Up-regulation of PSAT1 in colorectal cancer patients regulates by a novel ceRNA network: an integrated systems biology approach
Up-regulation of PSAT1 in colorectal cancer patients regulates by a novel ceRNA network: an integrated systems biology approach
Maryam Shakarami,1Mohammad Rezaei,2Mansoureh Azadeh,3,*
1. Zist Fanavari Novin Biotechnology Institute 2. Zist Fanavari Novin Biotechnology Institute 3. Zist Fanavari Novin Biotechnology Institute
Introduction: Colorectal cancer (CRC), ranking second most commonly diagnosed cancer and the third most common cancer related to death in the world.
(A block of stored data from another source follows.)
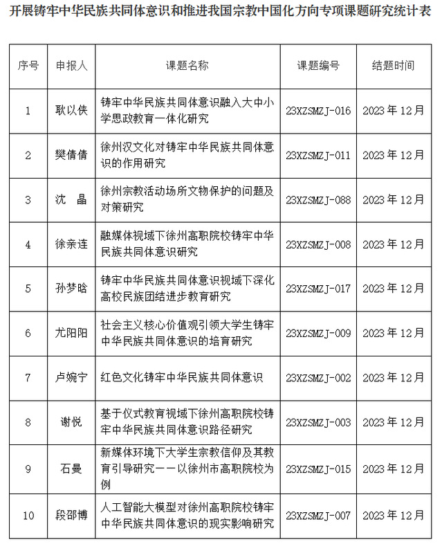 “积分制”印发实施以来,激发了马院教师党员的科研热情,马院教师党员积极申报课题,形成了浓厚的科研氛围。在2023年江苏省高职高专院校思政课教学研究课题申报工作中,公司教师积极申报,共有15位教师申报了此项课题(其中新入职青年教师11名),获得立项5项,其中新入职教师立项重点项目1项,一般项目立项4项。在2023年徐州市社科联铸牢中华民族共同体意识专项课题申报过程中,公司17名教师参与申请,10名教师顺利结项,其中7名为新入职青年教师。
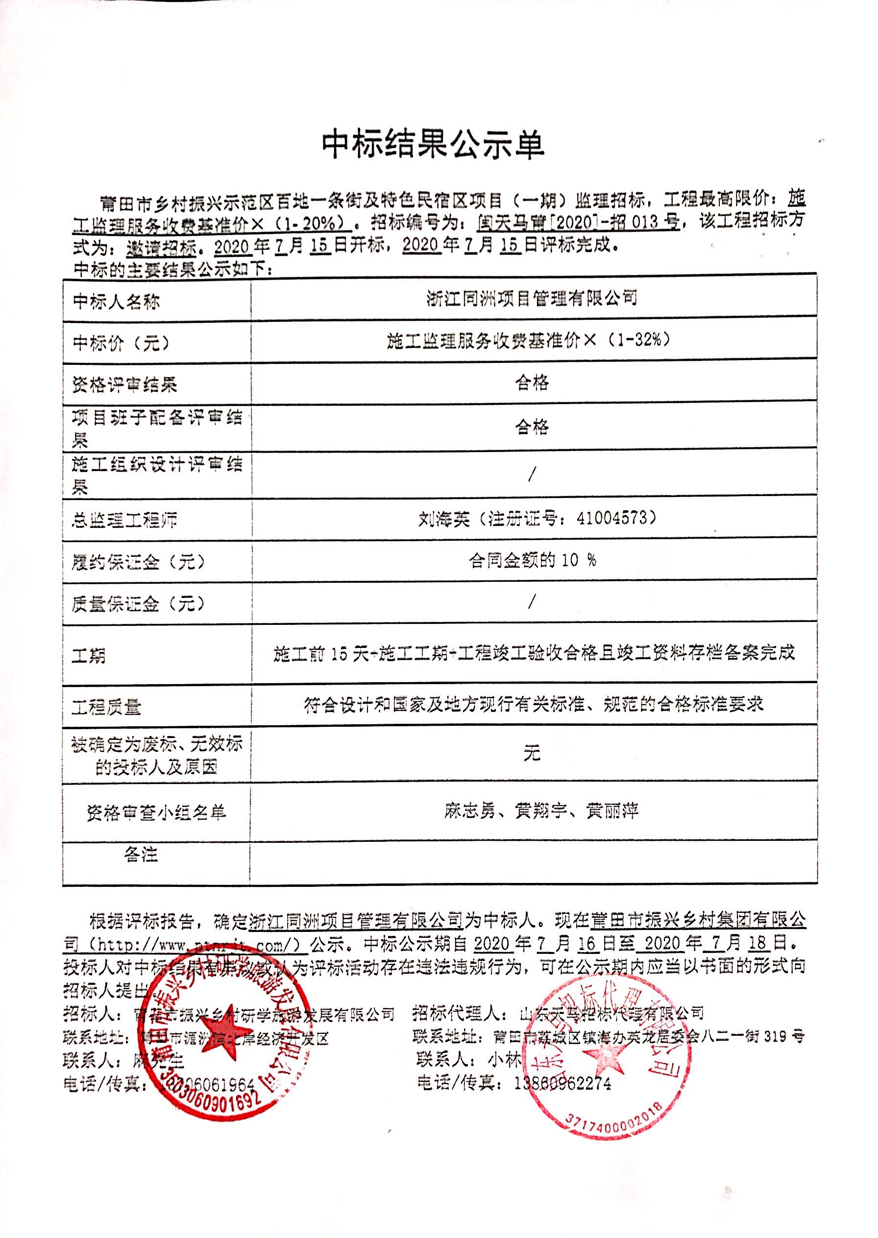 莆田市乡村振兴示范区百地一条街及特色民宿区项目监理单位中标结果公示单
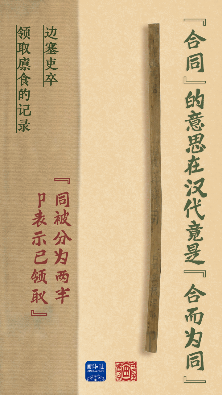 漢代人在簡牘上書寫一個“同”字,從中間一分為二,由雙方當事人各執(zhí)一半。需要核驗時,雙方將所執(zhí)半簡合在一起,這樣就能拼成一個完整的“同”字?;蛟S,這就是現(xiàn)代“合同”的來歷。
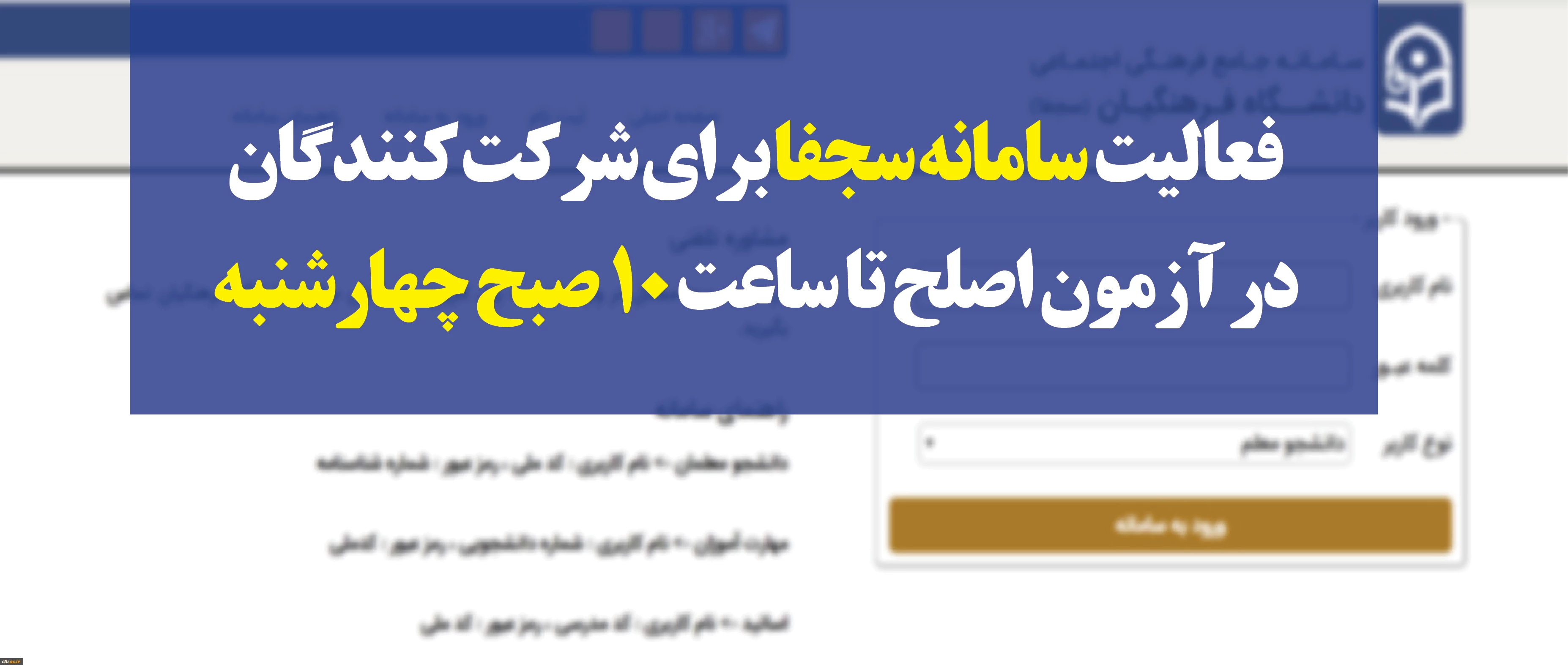سرپرست معاونت نظارت، ارزیابی و تضمین کیفیت دانشگاه فرهنگیان: سامانه سجفا برای شرکت کنندگان در آزمون اصلح تا ساعت 10 صبح چهارشنبه فعال است 2
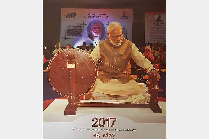 They would have seen it coming if they’d gone through the calendar issued by the DAVP (Directorate of Advertising and Visual Publicity) on behalf the Government of India for this year – where Modi is featured spinning the modern version of the charkha on the page marked ‘May 2017’.
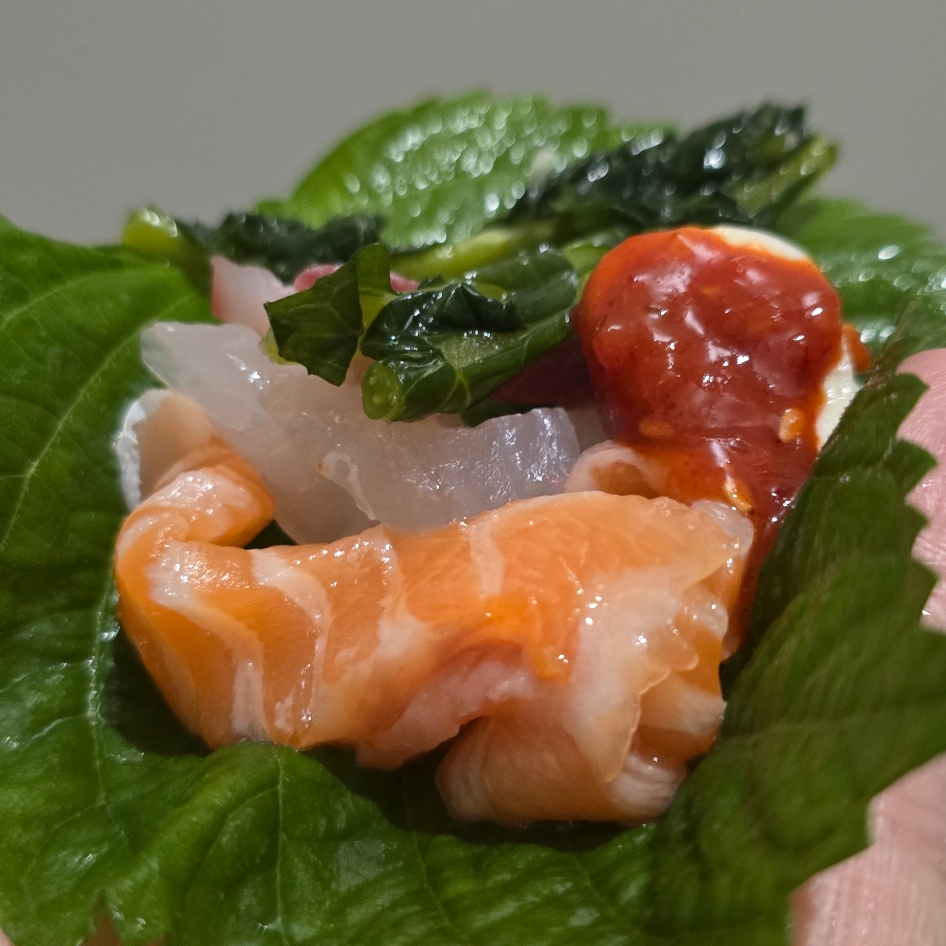 상추에 연어 광어를 얹어 한쌈.

CRC is divided into 72% colon carcinoma and 28% rectum cancer, though the occurrence of CRC is sometimes related together. it's for the most part considered a genetic disease, which is characterized by a continuous accumulation of genetic changes. In line with recent studies, numerous risk factors can cause CRC, among these, genetic biomarkers are considered to possess a basic impact on the progress of CRC.
Therefore, extensively bioinformatics analysis has been utilized in order to determine these biomarkers as targets for the treatment of CRC.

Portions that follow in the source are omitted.